- Map showing Dumtahar (#546) in Khiron CD block
- Dumtahar Location in Uttar Pradesh, India
- Coordinates: 26°20′01″N 80°53′05″E﻿ / ﻿26.333566°N 80.884699°E
- Country: India
- State: Uttar Pradesh
- District: Raebareli

Area
- • Total: 3.268 km^{2} (1.262 sq mi)

Population (2011)
- • Total: 2,577
- • Density: 788.6/km^{2} (2,042/sq mi)

Languages
- • Official: Hindi
- Time zone: UTC+5:30 (IST)
- Vehicle registration: UP-35

= Dumtahar =

Dumtahar is a village in Khiron block of Rae Bareli district, Uttar Pradesh, India. It is located 16 km from Lalganj, the tehsil headquarters. As of 2011, it has a population of 2,577 people, in 540 households. It has 3 primary schools and no healthcare facilities and it hosts a weekly haat but not a permanent market. It belongs to the nyaya panchayat of Paho.

The 1951 census recorded Dumtahar as comprising 6 hamlets, with a total population of 831 people (426 male and 405 female), in 173 households and 171 physical houses. The area of the village was given as 815 acres. 43 residents were literate, all male. The village was listed as belonging to the pargana of Khiron and the thana of Gurbakshganj.

The 1961 census recorded Dumtahar (as "Dumta Har") as comprising 6 hamlets, with a total population of 980 people (485 male and 495 female), in 195 households and 175 physical houses. The area of the village was given as 815 acres.

The 1981 census recorded Dumtahar as having a population of 922 people, in 278 households, and having an area of 326.99 hectares. The main staple foods were given as wheat and rice.

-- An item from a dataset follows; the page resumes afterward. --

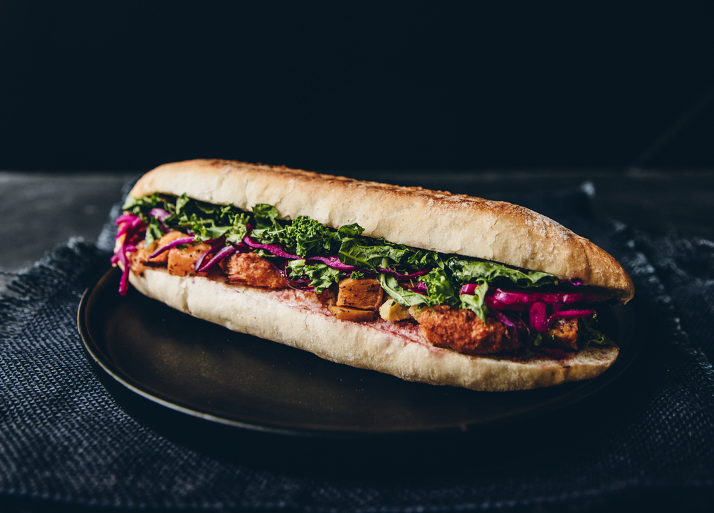 “Parsnip fritter with spiced butternut squash, kale and cranberry sauce in a hand-stretched ciabatta”
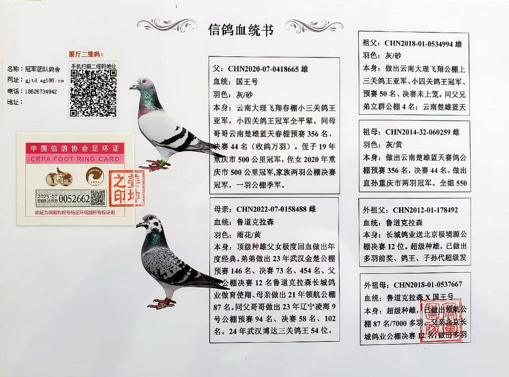 血统书足环卡随鸽发出,低价位高品质幼鸽,种赛皆宜。良心做人,所有成绩血统假一赔百,不做虚假宣传!

The 1991 census recorded Dumtahar (as "Dumarher") as having a total population of 1,772 people (897 male and 875 female), in 330 households and 323 physical houses. The area of the village was listed as 327 hectares. Members of the 0-6 age group numbered 409, or 23% of the total; this group was 54% male (222) and 46% female (187). Members of scheduled castes made up 64% of the village's population, while no members of scheduled tribes were recorded. The literacy rate of the village was 19.5% (288 men and 58 women). 584 people were classified as main workers (406 men and 178 women), while 248 people were classified as marginal workers (50 men and 192 women); the remaining 946 residents were non-workers. The breakdown of main workers by employment category was as follows: 409 cultivators (i.e. people who owned or leased their own land); 138 agricultural labourers (i.e. people who worked someone else's land in return for payment); 1 worker in livestock, forestry, fishing, hunting, plantations, orchards, etc.; 1 in mining and quarrying; 3 household industry workers; 5 workers employed in other manufacturing, processing, service, and repair roles; 2 construction workers; 2 employed in trade and commerce; 0 employed in transport, storage, and communications; and 23 in other services.